── SUPPLIED DATA

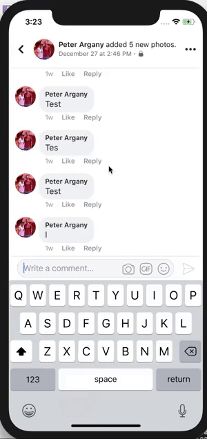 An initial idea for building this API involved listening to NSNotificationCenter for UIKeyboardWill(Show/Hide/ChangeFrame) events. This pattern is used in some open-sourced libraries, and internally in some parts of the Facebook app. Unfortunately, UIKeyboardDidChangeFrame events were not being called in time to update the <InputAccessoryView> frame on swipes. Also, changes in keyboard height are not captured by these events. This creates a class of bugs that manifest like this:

────
── SUPPLIED DATA

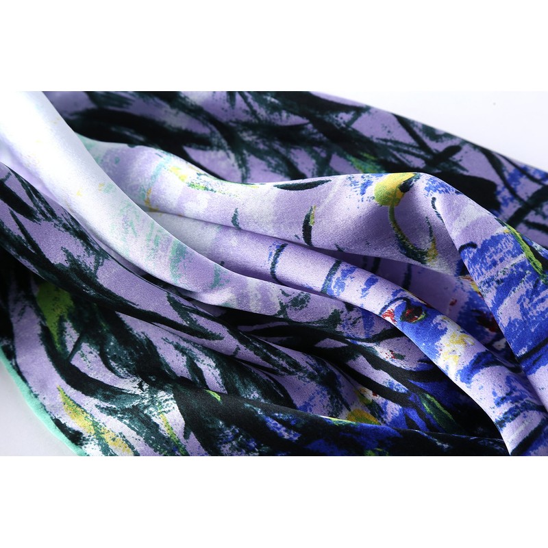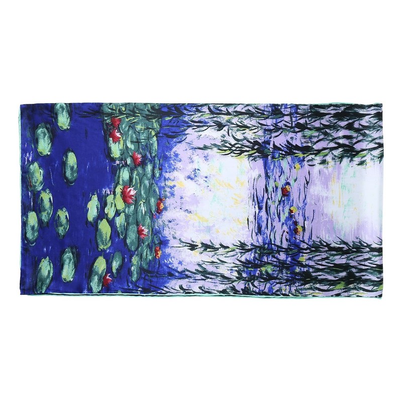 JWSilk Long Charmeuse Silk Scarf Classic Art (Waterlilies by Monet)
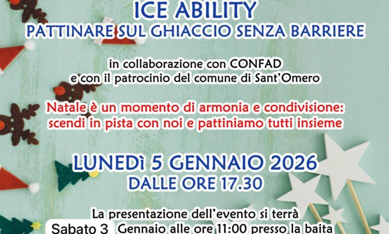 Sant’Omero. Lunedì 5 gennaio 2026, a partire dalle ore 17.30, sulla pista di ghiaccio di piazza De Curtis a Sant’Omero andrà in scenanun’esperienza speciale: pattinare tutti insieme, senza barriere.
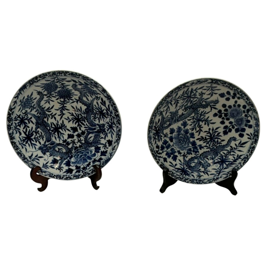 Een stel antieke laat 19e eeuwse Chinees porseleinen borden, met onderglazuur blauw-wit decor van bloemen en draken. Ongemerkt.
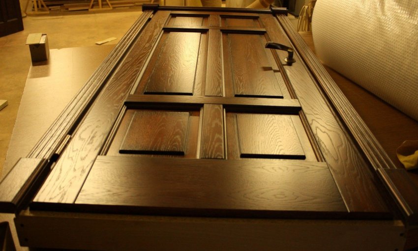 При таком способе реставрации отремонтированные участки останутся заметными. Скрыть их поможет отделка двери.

────

▶ [WHAT NEEDS TO BE DONE]:
In the listing above, find the line holding "Een stel antieke" and the line holding "При таком способе". Reproduce those two lines and all between them exactly, leaving out pictures.

▶ [RESPONSE TO THIS EXERCISE]:
 Een stel antieke laat 19e eeuwse Chinees porseleinen borden, met onderglazuur blauw-wit decor van bloemen en draken. Ongemerkt.
 При таком способе реставрации отремонтированные участки останутся заметными. Скрыть их поможет отделка двери.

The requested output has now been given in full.